I said in the beginning that being sick makes us crappy at fulfilling our roles, and in the traditional sense that may be true. But it also remains that when you’re sick, you just can’t do what you can’t do. If you don’t have legs, you can’t walk. It’s toxic to compare yourself to an old life where all your faculties were in place, to a new one where half your parts aren’t working. But being sick forces you to redefine your role, and I think there are ways to use your new way of “being” in the world and still be functioning in your respective roles. It’s not as is being sick effects your ability to love. If anything it’s made me love deeper, made me more grateful, and made the friendships that have lasted grow in certain ways. Still, I fail a lot, and many times it’s because I’m a flawed human being, not a chronically sick person. So I try to be extra cautious of both. Like most things being sick teaches, awareness seems to be key.

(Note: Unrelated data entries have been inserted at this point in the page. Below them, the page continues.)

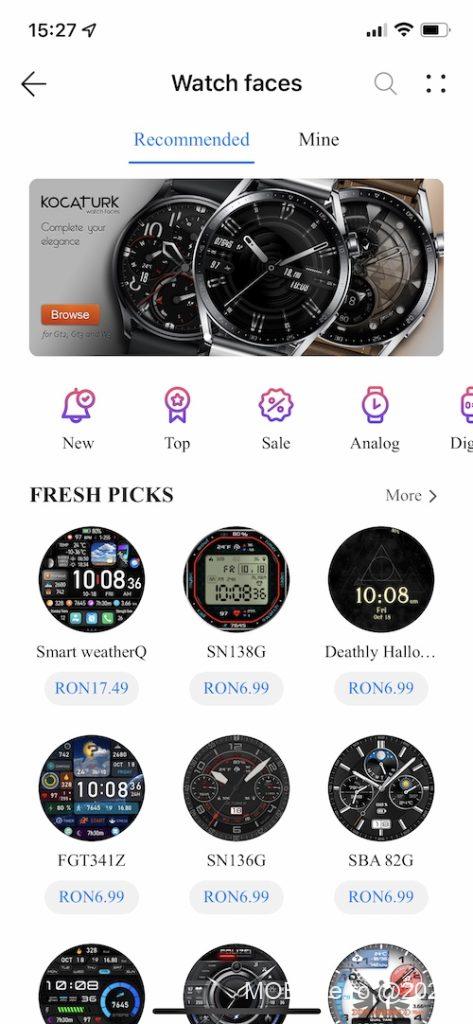Pentru că am ajuns aici trebuie să vă spun că folosirea ceasului Huawei Watch GT 3 Pro se face împreună cu aplicația Huawei Health instalată pe telefon (iOS și Android) și legarea telefonului prin Bluetooth. Din Huawei Health instalați aplicațiile necesare (sunt câteva interesante, eu m-am jucat cu player-ul radio), configurați temele pentru ecran (inclusiv cumpărați unele – am găsit câteva foarte faine la 5 – 18 lei).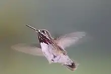 During courtship, a male calliope hummingbird hovers at accelerated wingbeat frequency up to 95 flaps per second (42% higher than normal hovering), creating a loud buzzing sound, with throat feathers protruding and facing a female.[4][9] The male then ascends temporarily to 20 meters and dives at high speed, with the rapid descent causing sonation of wing and tail feathers combined with vocalization, intending to attract attention of the female.[9] Research in a wind tunnel demonstrated that the male courtship display includes sounds produced by three independent feather or vocal components, each with different acoustic characteristics, thus potentially containing different messages appealing to the female.[9] The tail feathers flutter at high frequency and hit each other to produce the buzzing sound.[10]
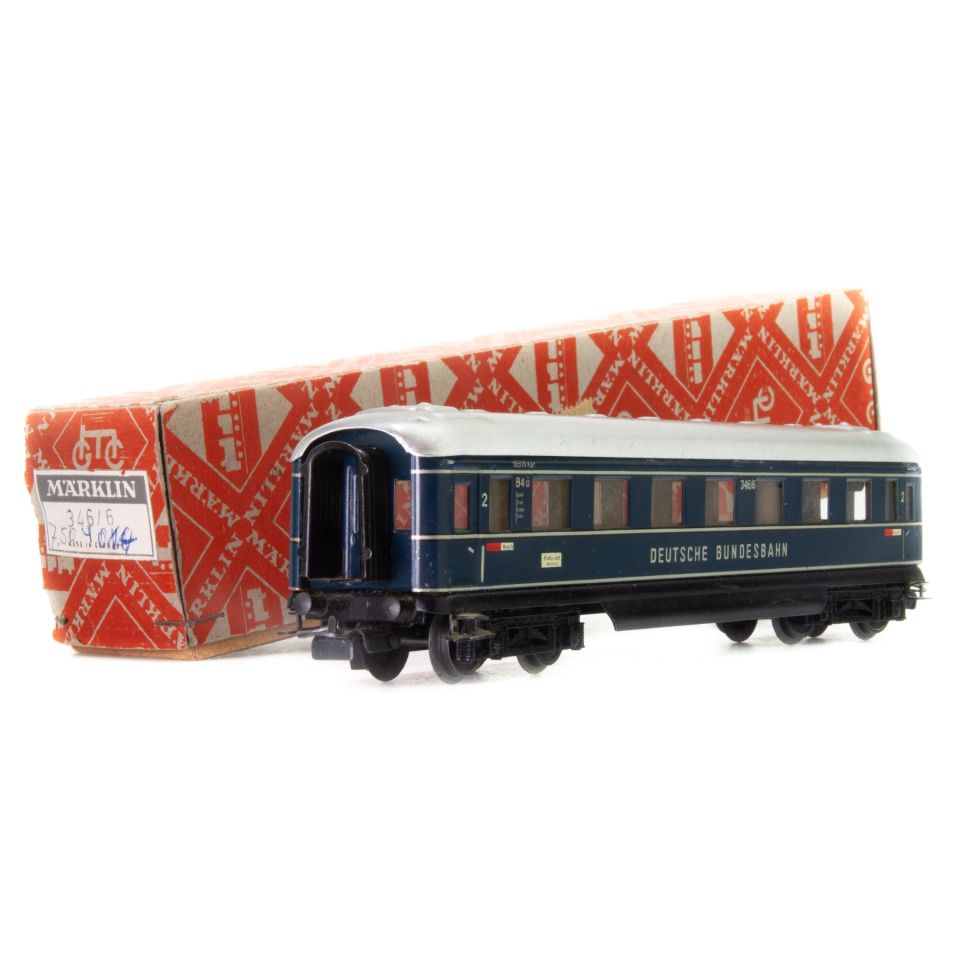 FD-Zug-Wagen (Schürzenwagen) aus der 346er Serie. Dunkelblaues Gehäuse aus Stahlblech. 2. Klasse. Aufschrift 16516 K4 B4ü und silbern DEUTSCHE BUNDESBAHN. Cellonscheiben. Dach silbern. Drehgestell im Boden verschraubt.

I’m always asking the questions that I think everyone is asking; am I doing the right thing, am I good person, what am I meant to do with my life? My circumstances? We all have our different sets of assets and vices, and it’s a balancing act trying to find the middle part where your feet are solid on the ground. Becoming chronically sick picks up your lifeless body and throws it upside down and backwards so that when you land you hardly know which way “up” is. It’s a puzzle, a maze, finding your way, but not impossible. The guru’s are always asking “How are you going to use what’s been given to you?” I always looked at that question as asking how I’d use the gifts I was given–the positive things in my life. Now I realize the question is far deeper than that…I think more often they mean, What will you do with your pain? How will you use this Extreme Disturbance to do better? Well hell, I don’t know. I just know that all we can do is try. Many times that means living with the mystery and not the answer. Also not easy to do.

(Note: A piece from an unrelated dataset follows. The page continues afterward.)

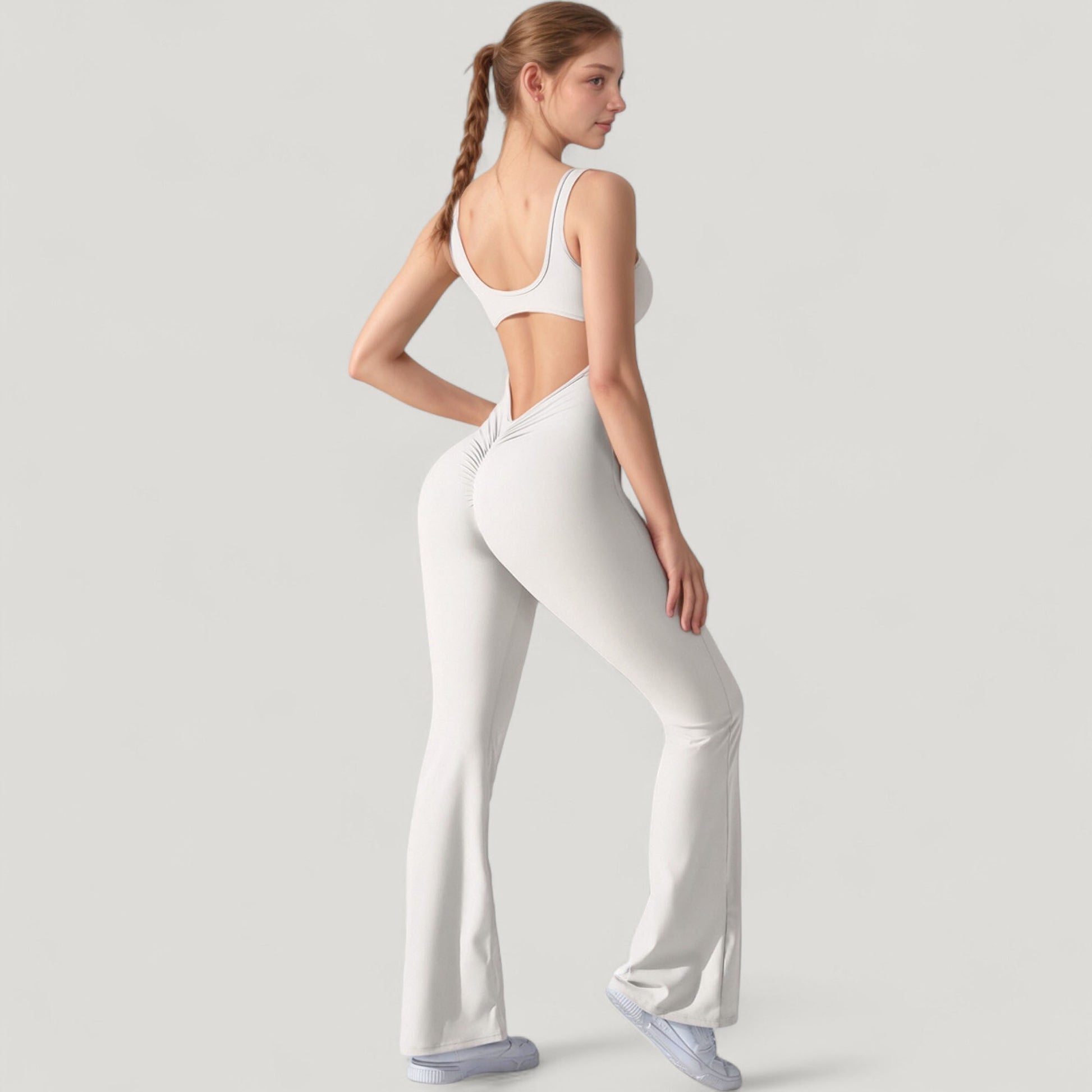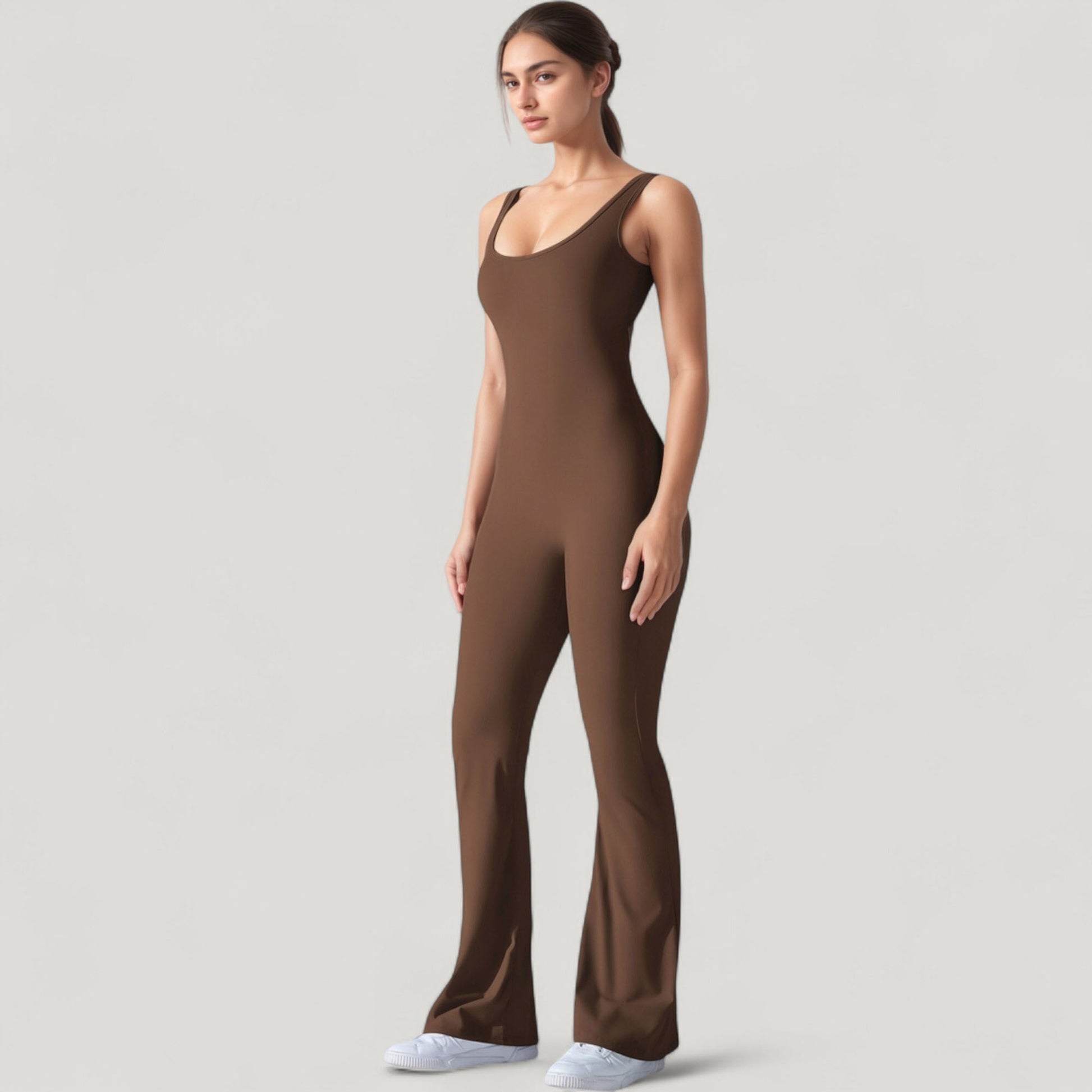 Sleeveless Open Back Fitted Jumpsuit with Flare Leg Design

I think it’s possible to use the condition of being sick in positive ways and to also maintain your roles by newly defining them. It seems to require incredible creativity and ingenuity, and I’ve certainly suffered from a lack of those many times. But I know there are ways to transform your old ways into new ones that are equally rewarding but not costly or impossible. I wouldn’t have confronted these conundrums if I hadn’t become sick and lost control of all the things I used to think of as mine. It has at least opened me up to the possibility of higher consciousness, and compared to who I was, I know the Mary without control has a better grasp on reality, is more compassionate, a better listener, less proud and more forgiving. I hope that doesn’t sound like bragging, I just think it’s good to examine the gifts that our so-called shitty circumstances can uncover. I obviously have a long way to go, but I know being sick has opened up deeper channels for me, and transformed the way I see the world and being in it.  Maybe it’s selfish, but I learned forgiveness by having to forgive myself first–for being where I was, for the things I could not do, for always thinking I should be doing better or further along. I had to let the unrealistic expectations go, and forgive myself for not reaching them.

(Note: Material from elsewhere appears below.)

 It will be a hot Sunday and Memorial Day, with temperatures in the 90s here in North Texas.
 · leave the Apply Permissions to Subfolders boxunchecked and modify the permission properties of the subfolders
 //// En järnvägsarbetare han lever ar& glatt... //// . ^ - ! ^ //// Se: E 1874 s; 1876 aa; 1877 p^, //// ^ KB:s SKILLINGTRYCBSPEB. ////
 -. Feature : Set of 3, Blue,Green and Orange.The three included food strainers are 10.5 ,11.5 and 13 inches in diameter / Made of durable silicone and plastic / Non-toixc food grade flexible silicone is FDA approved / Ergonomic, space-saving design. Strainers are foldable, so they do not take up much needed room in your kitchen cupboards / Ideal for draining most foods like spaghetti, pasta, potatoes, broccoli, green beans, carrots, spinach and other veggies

I remember in my first serious relationship, which wasn’t until college, he frequently complained that I never apologized. My response was always “But that’s because I’m not the one who did anything wrong.” Holy cow, I’m the worst! It took years of learning humility and grace that being and saying sorry is a virtuous thing. It means recognizing your wrongdoing and at least becoming temporarily conscious of things you can do better. When you have a fight with someone, sometimes it’s because one person flat-out messed up. But many times, it takes two to tango, and talking things out, forgiving, letting go…all of it is stuff that moves both people forward. I don’t say this pretending as though I’ve mastered the art–I only know it’s there, it’s a choice. And it’s a good thing to know. I don’t know what or who I’d be like, were I still in my structured world, independent, living my life. But I know I enjoy the view from where I am now much more. I almost don’t look at life as mine anymore–I’m not sure whose it is. I’m still the driver, but it’s definitely a borrowed car.

Anyway, I guess this is your healthy reminder to keep those expectations low! And be grateful for the people who love you despite your human-wastelandednesss. They obviously see that you’re still cool despite being sick. And when people ask you to do something you’re incapable of, remind them with a smile: “I’m a non-contributing zero!” Then find new ways to contribute. :)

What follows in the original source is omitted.